▸ DATA SHOWN
◆ ◆ ◆ ◆ ◆ ◆ ◆

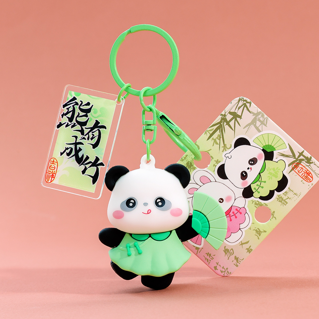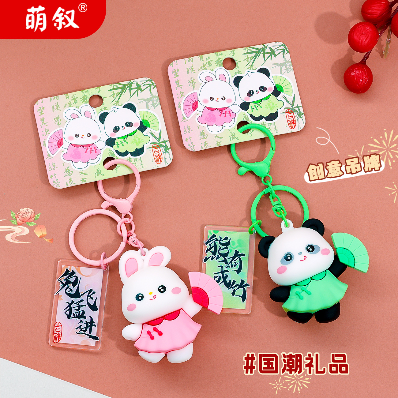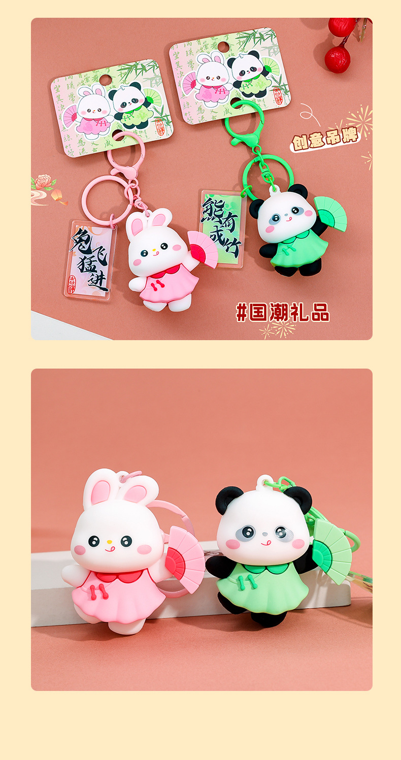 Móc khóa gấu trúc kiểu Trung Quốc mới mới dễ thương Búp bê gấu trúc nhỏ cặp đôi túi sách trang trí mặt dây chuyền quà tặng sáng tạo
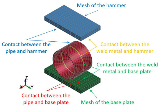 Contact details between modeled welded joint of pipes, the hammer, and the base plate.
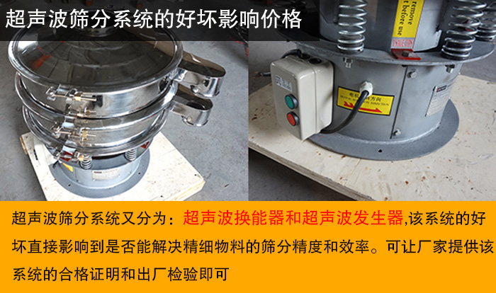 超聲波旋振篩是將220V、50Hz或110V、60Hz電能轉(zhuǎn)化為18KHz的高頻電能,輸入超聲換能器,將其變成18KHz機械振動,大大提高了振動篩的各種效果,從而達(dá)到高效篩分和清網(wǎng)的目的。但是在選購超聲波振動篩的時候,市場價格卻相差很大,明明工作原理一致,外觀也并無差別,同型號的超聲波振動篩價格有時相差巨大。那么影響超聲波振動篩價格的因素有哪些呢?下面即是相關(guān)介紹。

◆ ◆ ◆ ◆ ◆ ◆ ◆

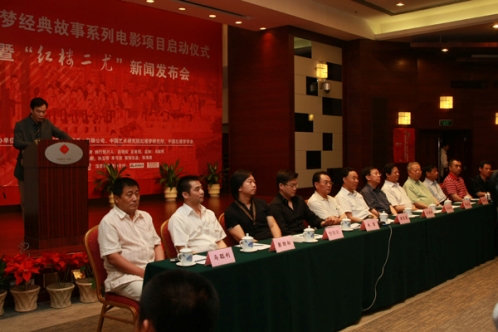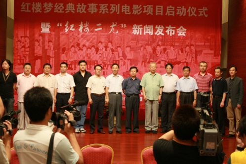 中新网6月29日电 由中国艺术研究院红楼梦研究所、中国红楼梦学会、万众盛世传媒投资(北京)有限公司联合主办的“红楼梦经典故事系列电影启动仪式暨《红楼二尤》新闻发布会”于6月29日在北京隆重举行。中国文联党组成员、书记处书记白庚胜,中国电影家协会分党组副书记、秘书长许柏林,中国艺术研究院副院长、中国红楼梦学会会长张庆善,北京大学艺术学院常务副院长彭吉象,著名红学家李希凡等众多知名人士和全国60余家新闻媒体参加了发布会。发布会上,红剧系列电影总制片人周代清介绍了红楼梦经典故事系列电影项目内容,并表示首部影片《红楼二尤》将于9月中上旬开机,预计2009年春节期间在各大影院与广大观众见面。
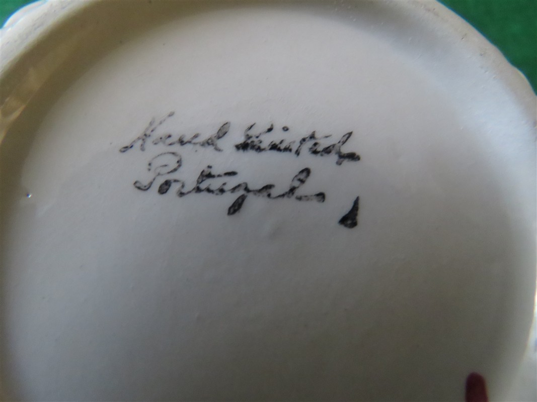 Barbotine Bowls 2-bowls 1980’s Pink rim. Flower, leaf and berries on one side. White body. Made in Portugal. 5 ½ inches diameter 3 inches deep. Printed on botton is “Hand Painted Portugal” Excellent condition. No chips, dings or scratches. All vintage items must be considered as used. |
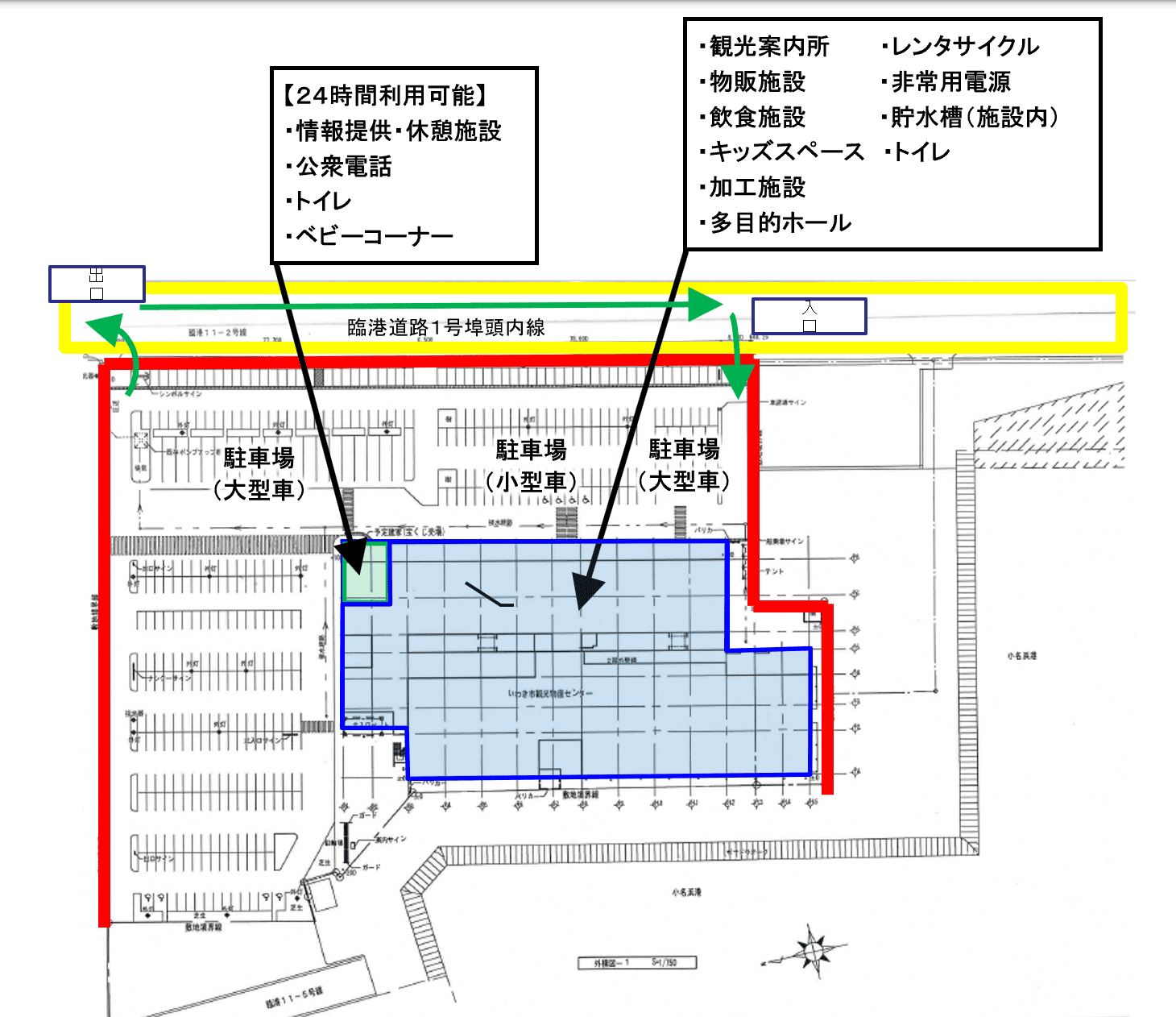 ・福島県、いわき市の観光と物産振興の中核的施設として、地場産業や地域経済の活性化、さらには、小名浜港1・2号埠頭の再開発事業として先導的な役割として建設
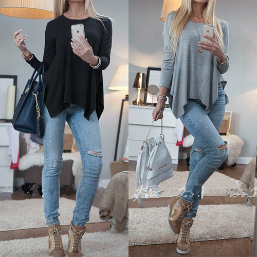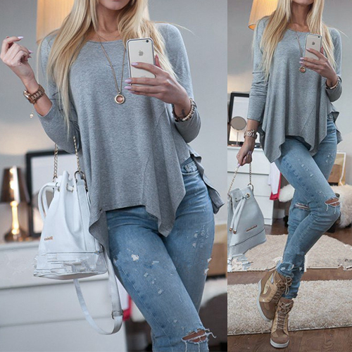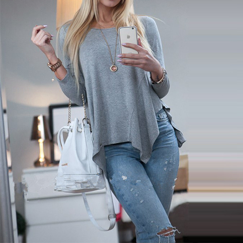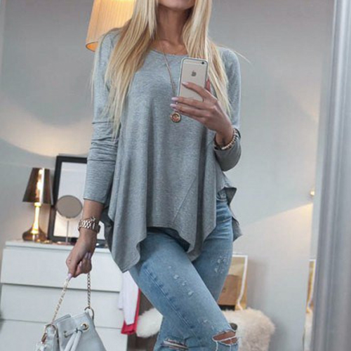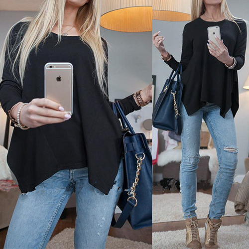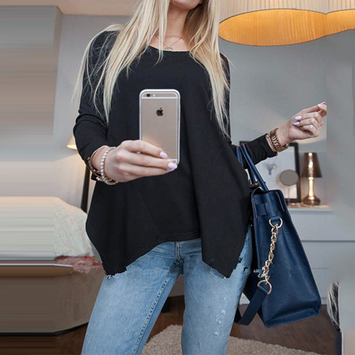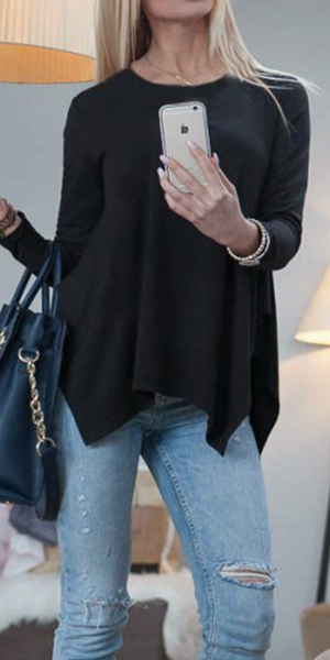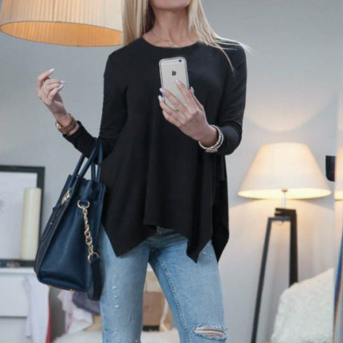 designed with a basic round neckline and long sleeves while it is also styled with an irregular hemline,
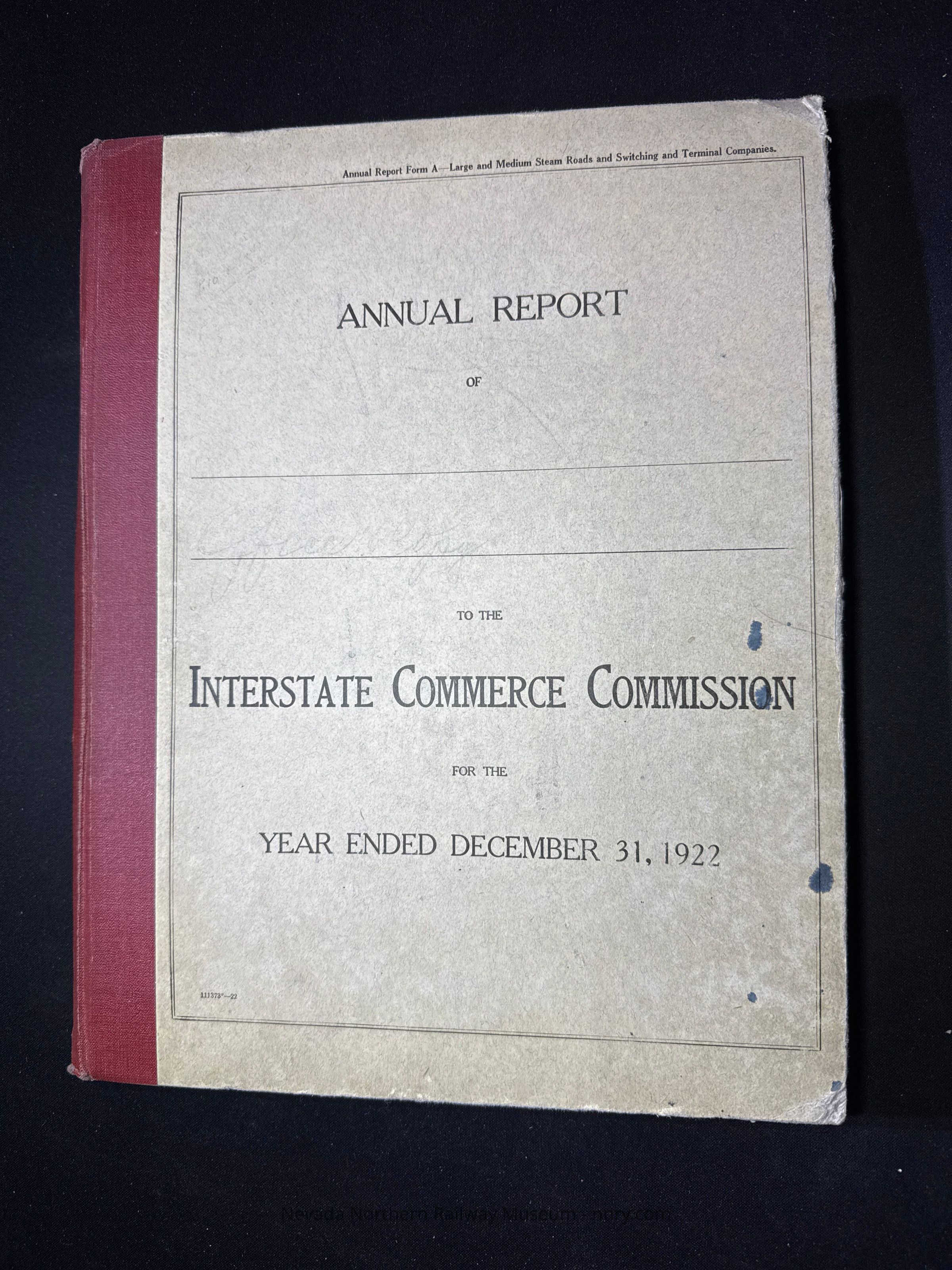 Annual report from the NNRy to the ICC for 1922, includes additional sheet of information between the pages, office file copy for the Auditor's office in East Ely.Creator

◆ ◆ ◆ ◆ ◆ ◆ ◆

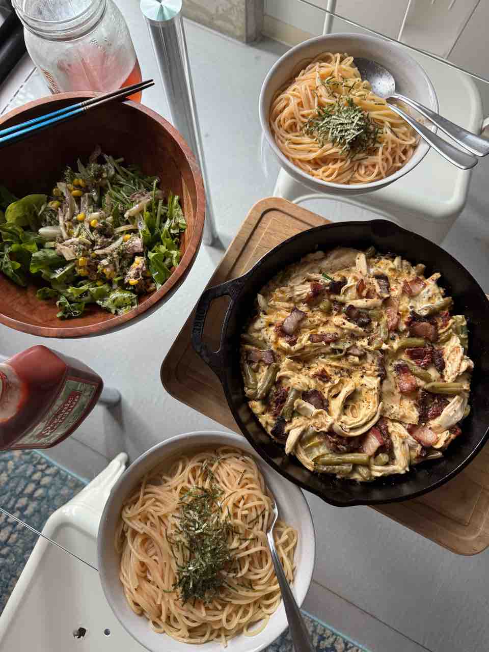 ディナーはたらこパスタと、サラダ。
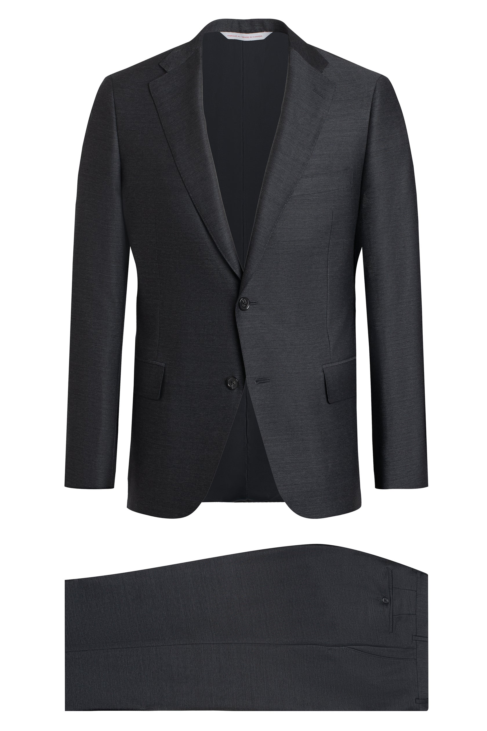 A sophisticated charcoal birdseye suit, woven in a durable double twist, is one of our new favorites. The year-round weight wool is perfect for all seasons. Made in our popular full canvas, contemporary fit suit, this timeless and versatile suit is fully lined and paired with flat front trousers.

◆ ◆ ◆ ◆ ◆ ◆ ◆

▸ EXERCISE INSTRUCTIONS
What you write must match the listing exactly, from the line with "Contact details between" up to and including the line with "超聲波旋振篩是將220V、5". Pictures stay out.

▸ PROBLEM SOLUTION
 Contact details between modeled welded joint of pipes, the hammer, and the base plate.
 超聲波旋振篩是將220V、50Hz或110V、60Hz電能轉(zhuǎn)化為18KHz的高頻電能,輸入超聲換能器,將其變成18KHz機械振動,大大提高了振動篩的各種效果,從而達(dá)到高效篩分和清網(wǎng)的目的。但是在選購超聲波振動篩的時候,市場價格卻相差很大,明明工作原理一致,外觀也并無差別,同型號的超聲波振動篩價格有時相差巨大。那么影響超聲波振動篩價格的因素有哪些呢?下面即是相關(guān)介紹。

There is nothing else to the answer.